* _TASK DESCRIPTION_
The expected answer is the data below, printed verbatim without its pictures.

* _INPUT DATA_
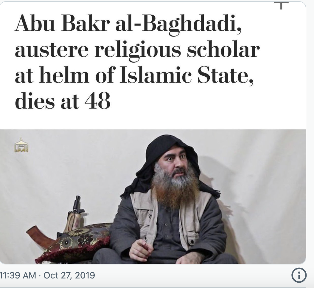 Perhaps the Times should ask its readers for alternative headlines to describe the death of the Elvis impersonator who was promising to “kill you all”, as the Washington Post did in 2019 after the U.S. caught up with Abu Bakr al-Baghdadi, notorious terrorist and head of IS, and sent him packing to meet his awaiting virgins. The WaPo’s editors’ own attempt at a headline, “austere religious scholar dies at 48” was applauded by conservatives, who contributed proposed headlines for other public figures:
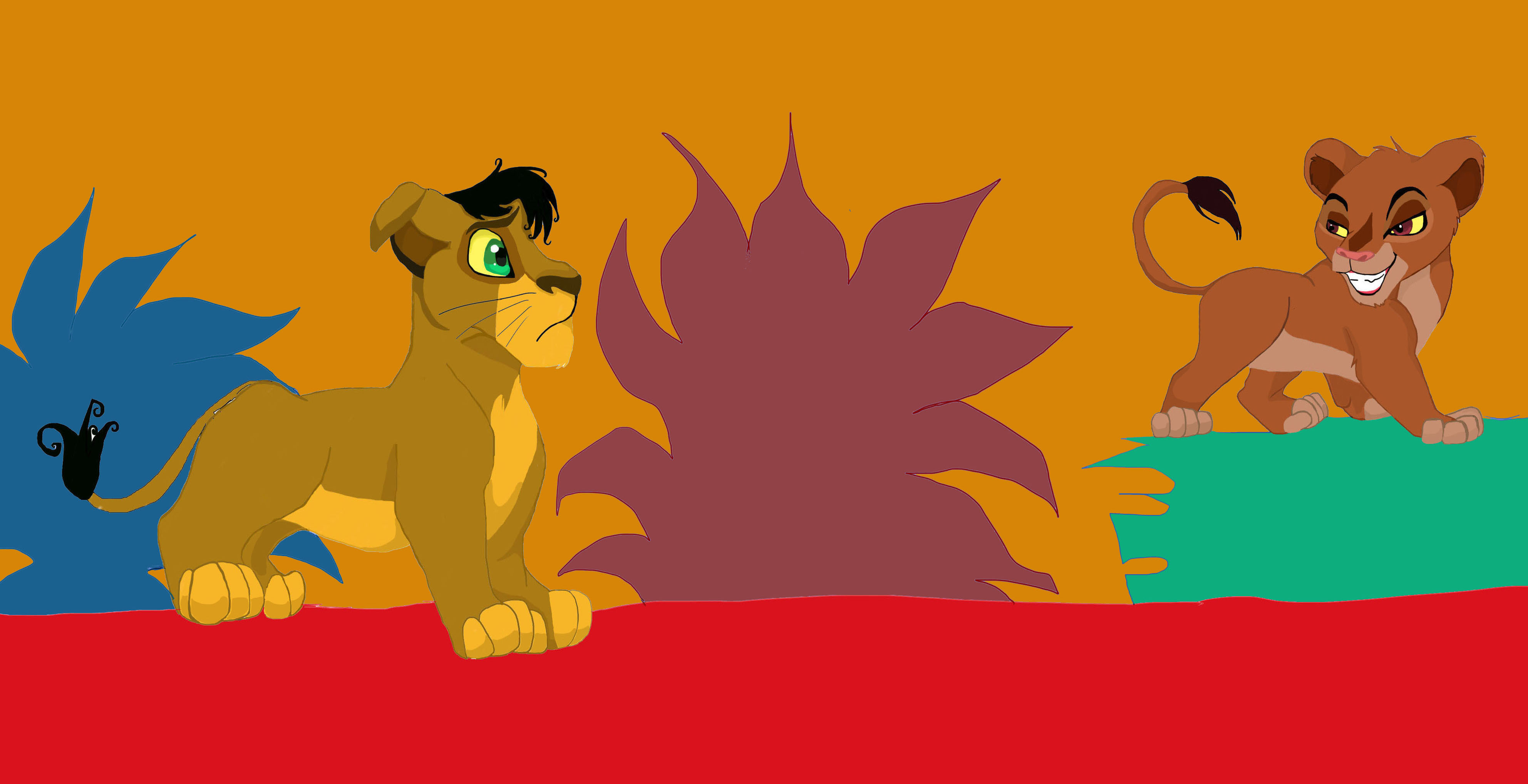 This is my version of Ahadi and Uru as cubs. I'm just practicing with colors, design and expression here and I'm quite happy with the way Uru came out. Ahadi, however, looks like the sickly love child of Simba and Kovu. Oh well :P
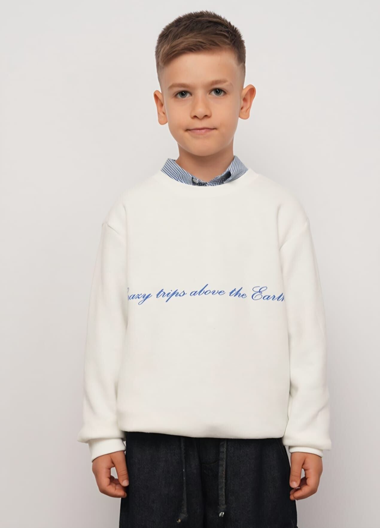8-14 yaş erkek çocuk ekru baskılı Selanik sweatshirt, şık ve modern tasarımıyla günlük kullanım için idealdir. Nefes alabilen Selanik kumaşı sayesinde ilkbahar ve sonbaharda konfor sunar. Rahat kesimi ile hareket özgürlüğü sağlar. Jean, pantolon veya eşofman altı ile kolayca kombinlenerek hem günlük hem şık bir stil oluşturur.

* _COMPLETED TASK_
 Perhaps the Times should ask its readers for alternative headlines to describe the death of the Elvis impersonator who was promising to “kill you all”, as the Washington Post did in 2019 after the U.S. caught up with Abu Bakr al-Baghdadi, notorious terrorist and head of IS, and sent him packing to meet his awaiting virgins. The WaPo’s editors’ own attempt at a headline, “austere religious scholar dies at 48” was applauded by conservatives, who contributed proposed headlines for other public figures:
 This is my version of Ahadi and Uru as cubs. I'm just practicing with colors, design and expression here and I'm quite happy with the way Uru came out. Ahadi, however, looks like the sickly love child of Simba and Kovu. Oh well :P
8-14 yaş erkek çocuk ekru baskılı Selanik sweatshirt, şık ve modern tasarımıyla günlük kullanım için idealdir. Nefes alabilen Selanik kumaşı sayesinde ilkbahar ve sonbaharda konfor sunar. Rahat kesimi ile hareket özgürlüğü sağlar. Jean, pantolon veya eşofman altı ile kolayca kombinlenerek hem günlük hem şık bir stil oluşturur.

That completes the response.